FluidFM for Neuroscience Pattern, stimulate, inject into, and analyze single neurons - Medical / Health Care - Clinical Services
Pattern
Define where axons shall grow
Pick & Place
Build micro-brains by creating neuronal networks
Stimulate
Apply neurotransmitters anywhere on the neuron
Inject
Deliver CRISPR complexes directly into the nucleus
Observe
Track your manipulated neuron over time
Analyze
Extract cellular content while keeping the neuron intact and alive
The FluidFM ability to pick cells and place them at a specifically chosen location combined with its unique patterning method allows to create neuronal networks with precision and reproducibility. Control axon growth towards the cell of your choice and establish customized cellular interactions to study how neurons communicate with each other at a molecular level.
Using FluidFM’s force-controlled probes, any soluble compound – for example ions, neurotransmitters, or neurotoxins – and particles like neurotropic viruses can be applied into or on single neurons at distal or proximal end. This makes tedious designs like the Campenot chamber obsolete. The system furthermore tracks the manipulated cells for long-term observation by brightfield and epifluorescence microscopy.

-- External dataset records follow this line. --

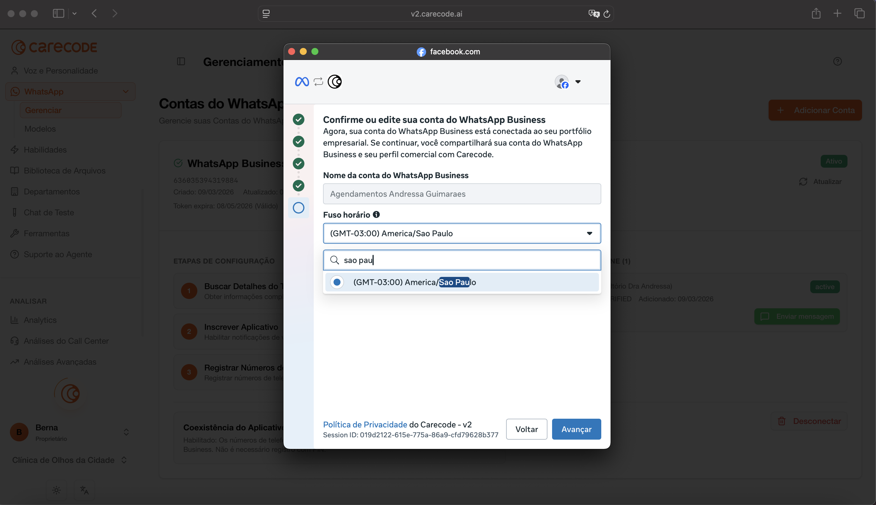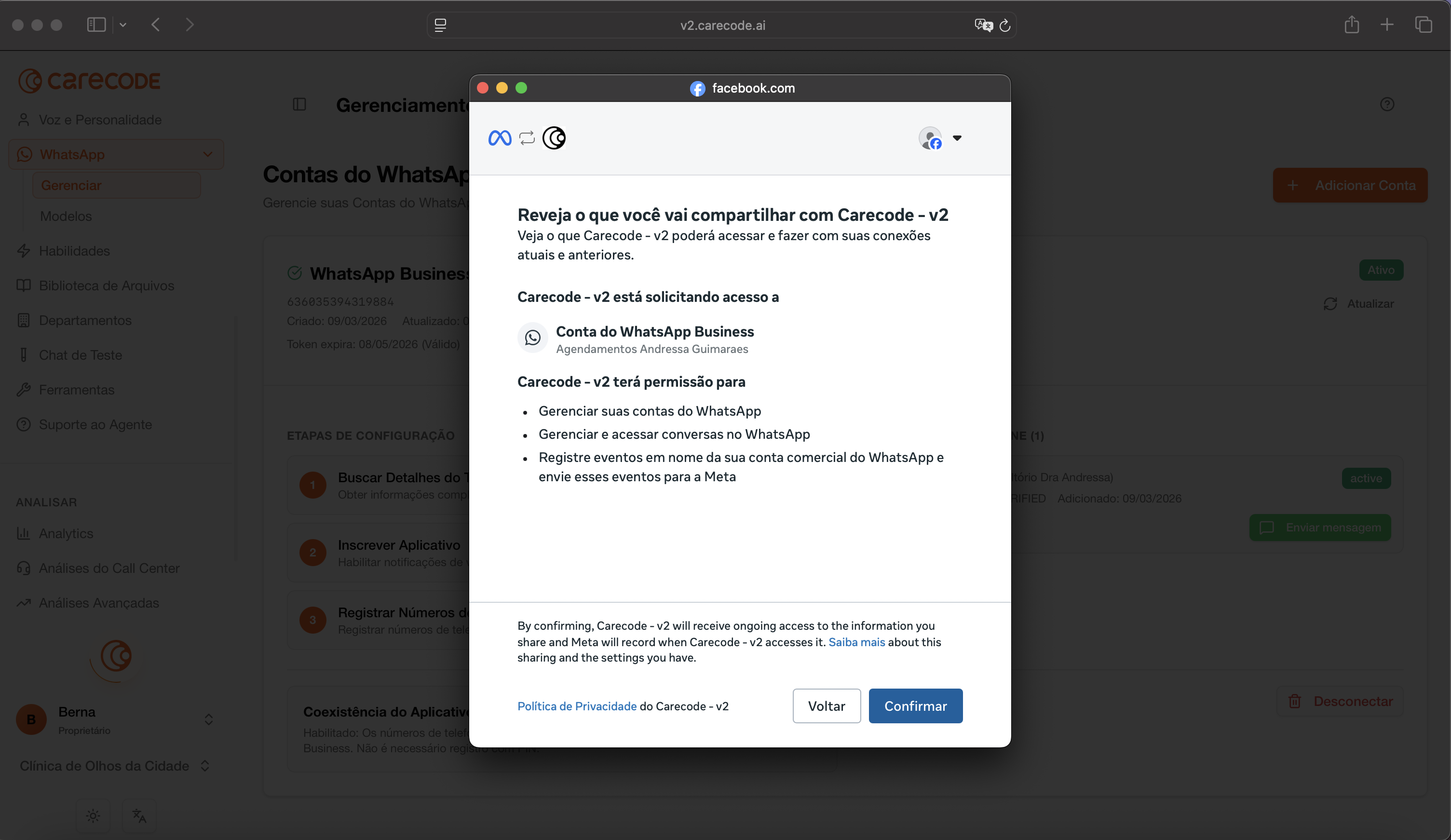 Esta etapa é realizada dentro da plataforma Carecode, em v2.carecode.ai/onboarding/channel (durante o onboarding) ou v2.carecode.ai/whatsapp/manage (se já tiver conta). Ao clicar em conectar WhatsApp, um modal da Meta será aberto.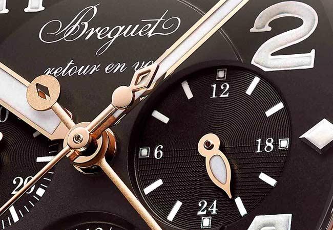 黑色錶盤,鐫刻Breguet隱形簽名。刻度環採用阿拉伯數字時標,帶螢光點。3點鐘位置設有晝夜顯示,6點鐘位置設有12小時計時器和日期視窗 ,9點鐘位置設有小秒針,中央位置設有分鐘計時器。配有螢光指標和圓點刻度。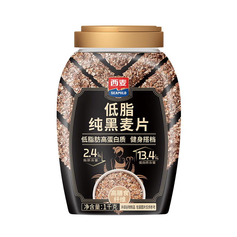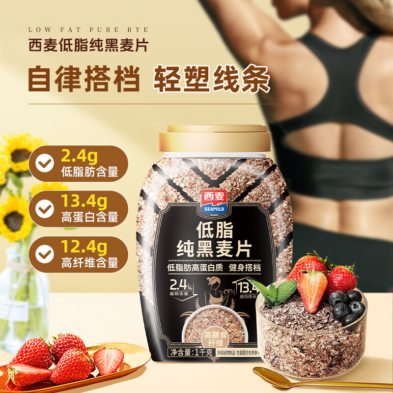 西麦低脂纯黑麦片1000g桶装 无糖代餐减肥减脂早餐食品无添加蔗糖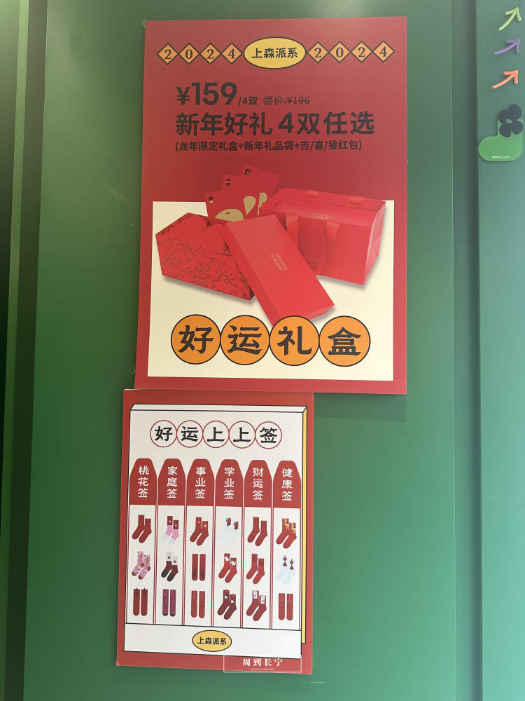 店铺还推出新年礼盒,买上一份带有好运寓意的组合袜子送家人朋友,也是一份挺独特的礼物吧?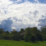 Goodnight friends! Hectic passing rain showers again, nothing settled, everything in a wildly swaying tension of warmth and cold, fair and heavy weather. At least one short squall of thickly splattering sleet like urgent fingers slapping at the windows, casting wide wet blurs across the glass. In between the scattered sweeping sunlight is beautiful, falling in golden flecks through the ragged domes of sycamore maples with their long hanging chandeliers of small green flowers.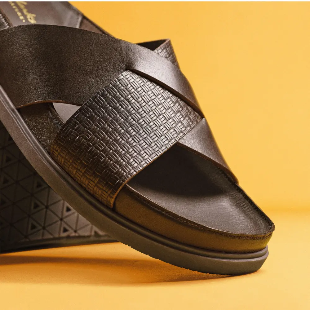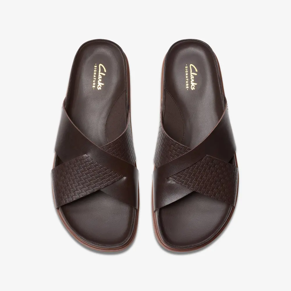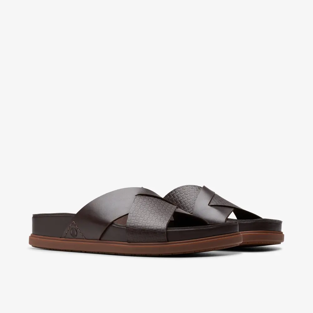 Mens Torford Cross Brown Leather Flat Slide Sandals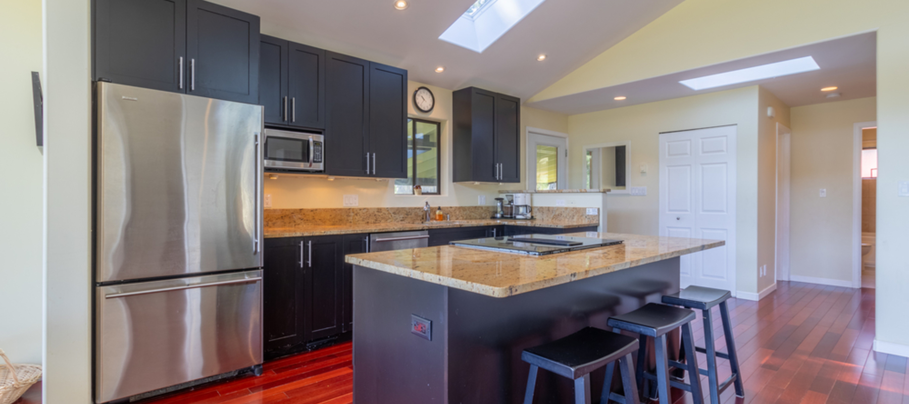 Featuring a chef-inspired kitchen, custom cabinetry, granite countertops, SS appliances, rich hardwood flooring, recessed lighting & French Doors that invite the outdoors in.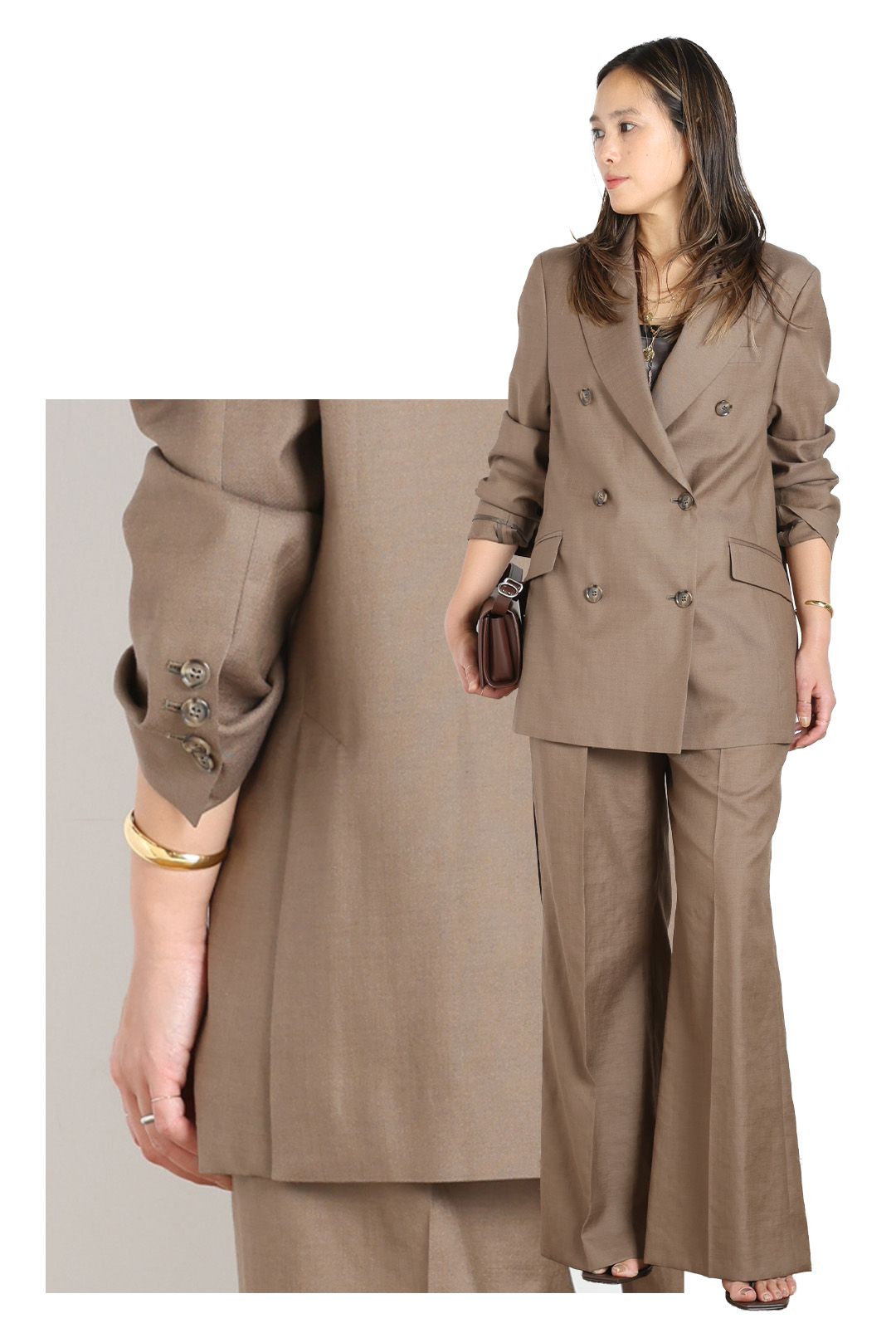 同じ生地を使用したパンツもあり、セットアップスタイルも楽しめる。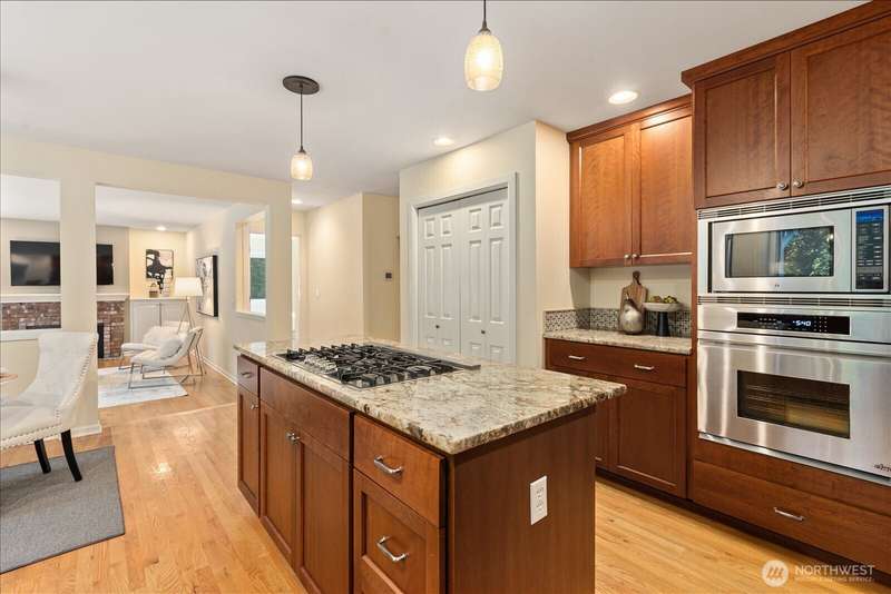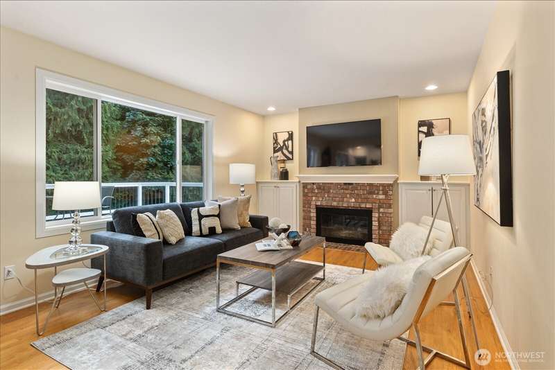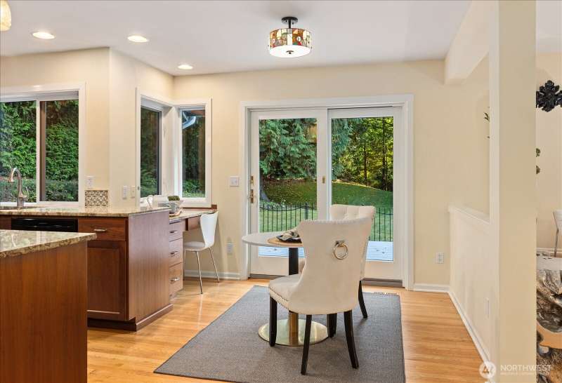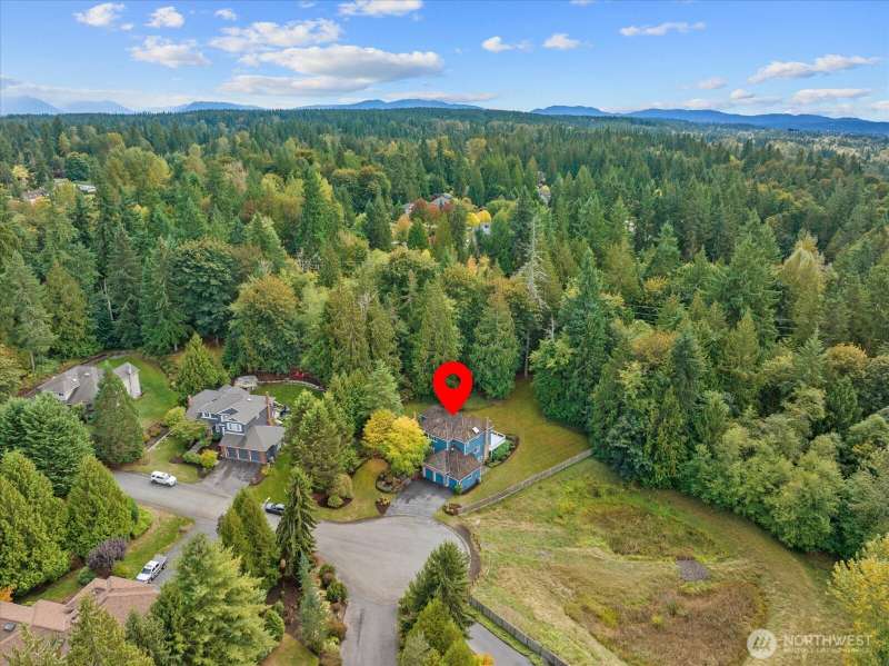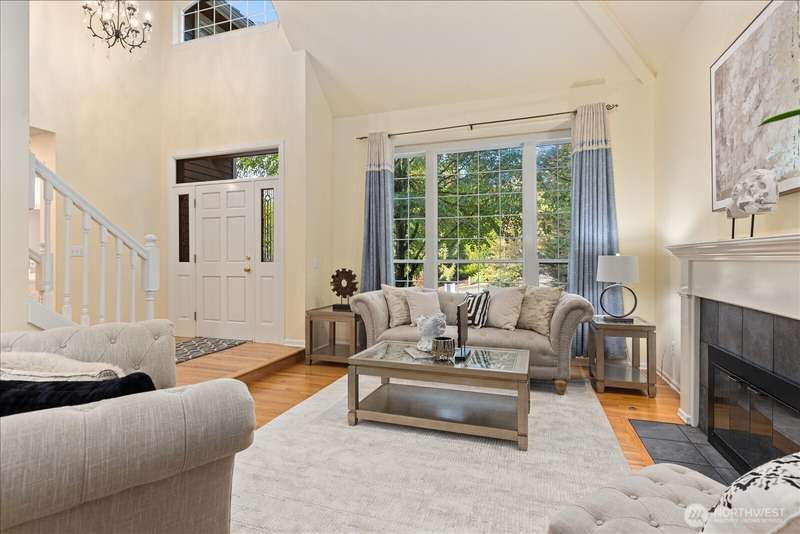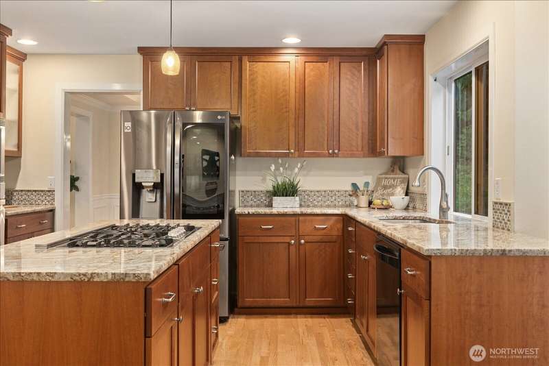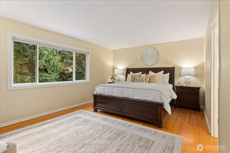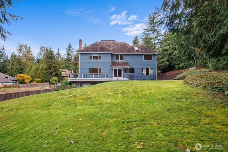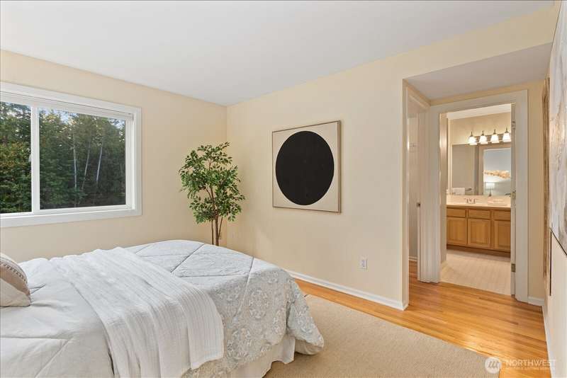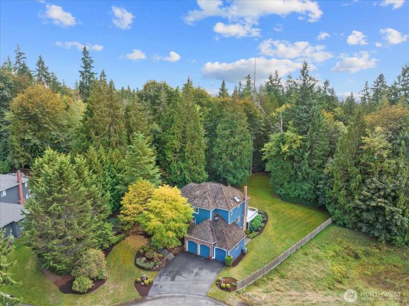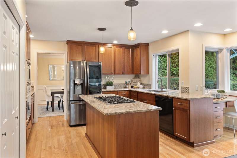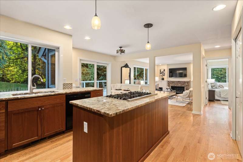 PRICE REDUCED $65k!! Tucked away at the end of a private lane, this beautiful 4 bedroom, 3.5 bath home offers the perfect blend of privacy and elegance. Located in a sought after area, this home invites you to a park-like setting on 1.18 acres next to a greenbelt. The well designed floorplan features hardwood floors throughout, large windows, skylights, granite counters, stainless appliances and 2 cozy gas fireplaces & large 3-car garage. A spacious primary suite includes a 5-piece bath, plus an ensuite bedroom on the main floor for guests. The lower level boasts a huge bonus room, perfect for a home gym or media space. This home has been well maintained and offers a peaceful retreat just minutes from all that the Eastside has to offer!

With FluidFM, proteins and plasmids as well as CRISPR reagents can be directly injected into the nucleus. In comparison to other harsh transfection methods, the gentle insertion of the force feedback-controlled probe keeps the neuron fully viable. This makes FluidFM particularly suited for genetic manipulation of sensitive and hard-to-transfect cells such as neurons, stem cells, or primary cells.
FluidFM enables gentle extraction of content from the cytosol or nucleus of single cells, not affecting cellular viability. Therefore, consecutive extractions from the same cell are possible with FluidFM. This overcomes challenges posed by cellular heterogeneity when interpreting data of time-dependent experiments at a single cell level and opens new applications in transcriptomics and proteomics.